### EXERCISE PROMPT
Exact transcription begins at the first line of the material below and ends with the line holding "XMHome 198 l"; pictures are skipped.

_____

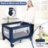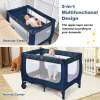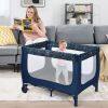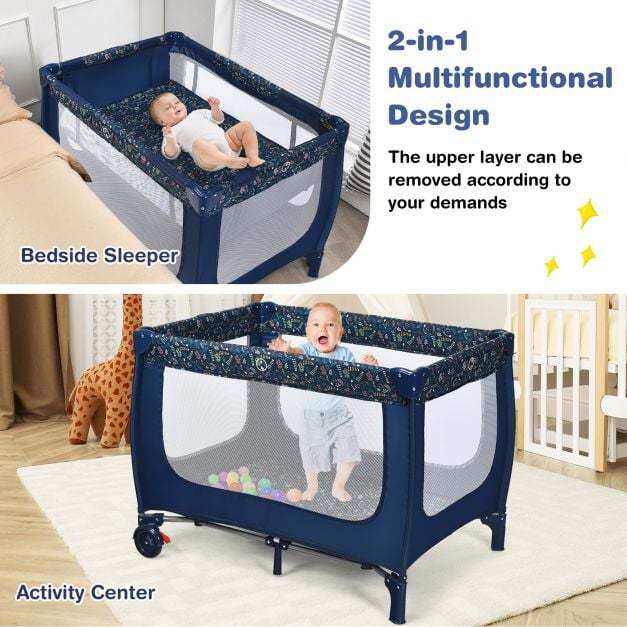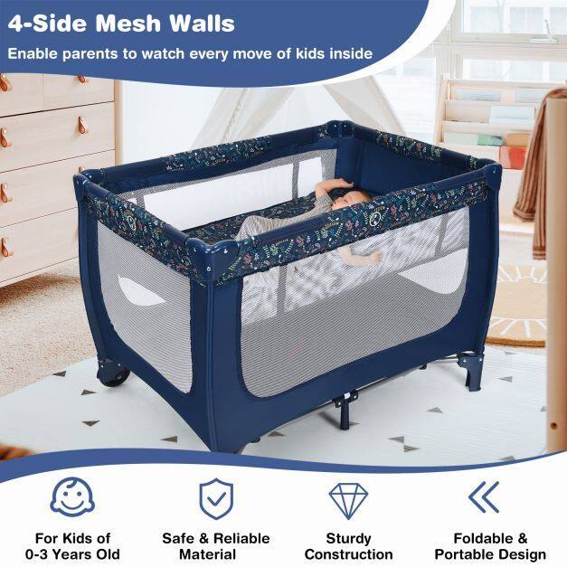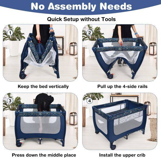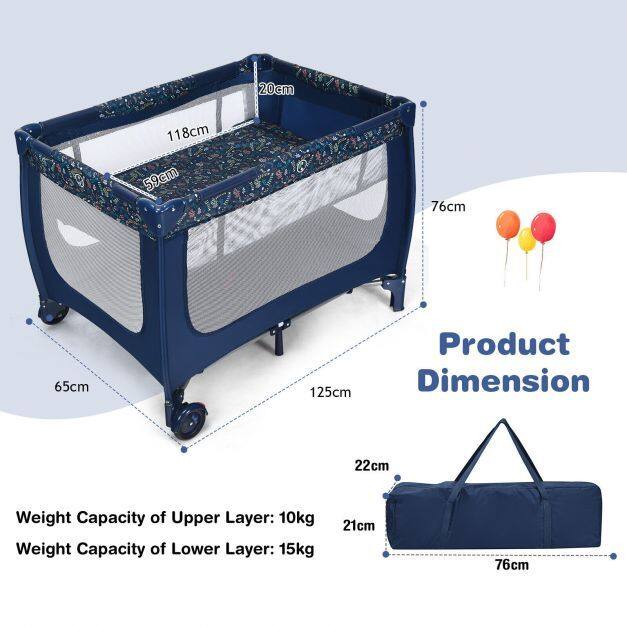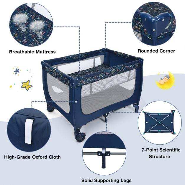 Coming with a detachable bassinet and comfortable mattress, this baby crib combines baby activity center and baby bassinet bed, meeting your different needs. Also, the baby playpen is designed with 2 rolling wheels with brakes, allowing you to move it from room to room easily. The mesh cloth not only ensures air circulation in the baby playpen, but also provides better observation for parents. Made of stable steel frame, the baby playpen is capable for long time use. Following detailed instructions, the installation is easy and quick. Most importantly, you can fold it quickly for convenient storage and carrying.
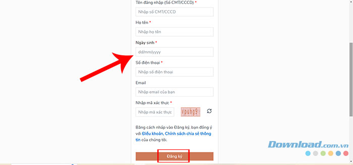 Bước 3: Nhập Tên đăng nhập, Mật khẩu và Mã xác thực. Nhấn nút Đăng nhập và nhập OTP được gửi tới số điện thoại đăng ký tài khoản để hoàn tất quá trình đăng nhập.
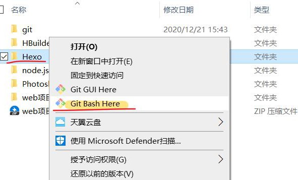 - 新建一个文件夹用来存放 Hexo 的程序文件,如 Hexo-Blog。打开该文件夹,右键 -> Git Bash Here。
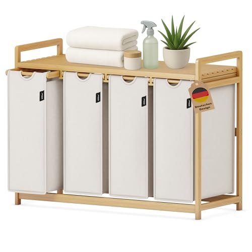 XMHome 198 l tvättkorg 4 fack med ett lager hylla – robust bambumaterial, tjock struktur, modern tvättkorg för badrum, sovrum och tvättstuga tvättkorg 102,8 x 41,3 x 77,5 cm grå
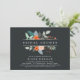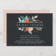 O chá de panela gráfico apresenta flores boho-do-país e verde espreitando atrás do "chá de panela" em letras elegantes em um rico fundo de carvão que é perfeito para o final do verão ou outono. Personalize com seu chá de panela e detalhes do registro abaixo. Cartões inversos a rosas sólidas.
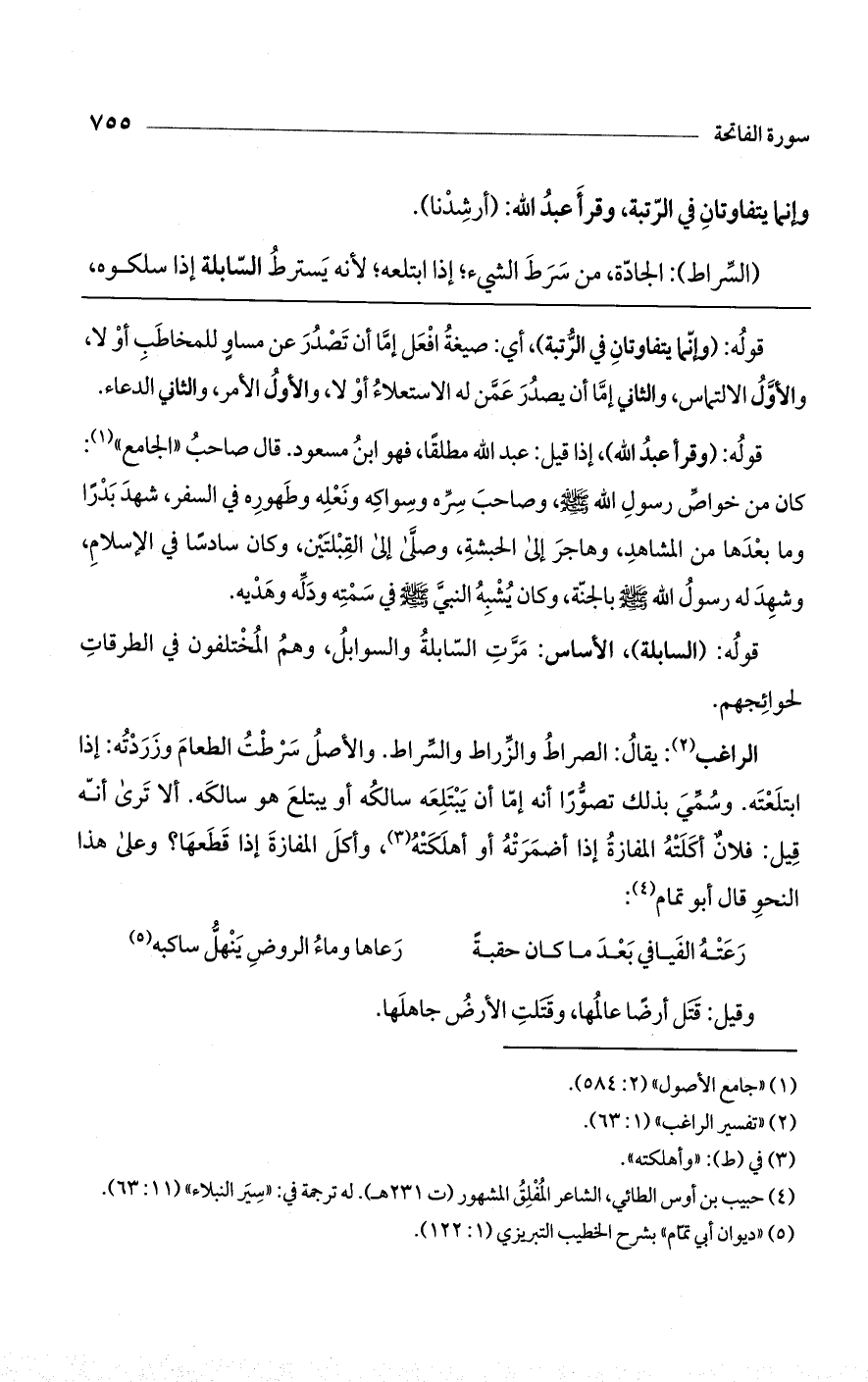 الراغب: يقال: الصراط والزراط والسراط. والأصل سرطت الطعام وزردته: إذا ابتلعته. وسمي بذلك تصوراً أنه إما أن يبتلعه سالكه أو يبتلع هو سالكه. ألا ترى أنه قيل: فلان أكلته المفازة إذا أضمرته أو أهلكته، وأكل المفازة إذا قطعها؟ وعلى هذا النحو قال أبو تمام:

_____

### EXPECTED ANSWER
 Coming with a detachable bassinet and comfortable mattress, this baby crib combines baby activity center and baby bassinet bed, meeting your different needs. Also, the baby playpen is designed with 2 rolling wheels with brakes, allowing you to move it from room to room easily. The mesh cloth not only ensures air circulation in the baby playpen, but also provides better observation for parents. Made of stable steel frame, the baby playpen is capable for long time use. Following detailed instructions, the installation is easy and quick. Most importantly, you can fold it quickly for convenient storage and carrying.
 Bước 3: Nhập Tên đăng nhập, Mật khẩu và Mã xác thực. Nhấn nút Đăng nhập và nhập OTP được gửi tới số điện thoại đăng ký tài khoản để hoàn tất quá trình đăng nhập.
 - 新建一个文件夹用来存放 Hexo 的程序文件,如 Hexo-Blog。打开该文件夹,右键 -> Git Bash Here。
 XMHome 198 l tvättkorg 4 fack med ett lager hylla – robust bambumaterial, tjock struktur, modern tvättkorg för badrum, sovrum och tvättstuga tvättkorg 102,8 x 41,3 x 77,5 cm grå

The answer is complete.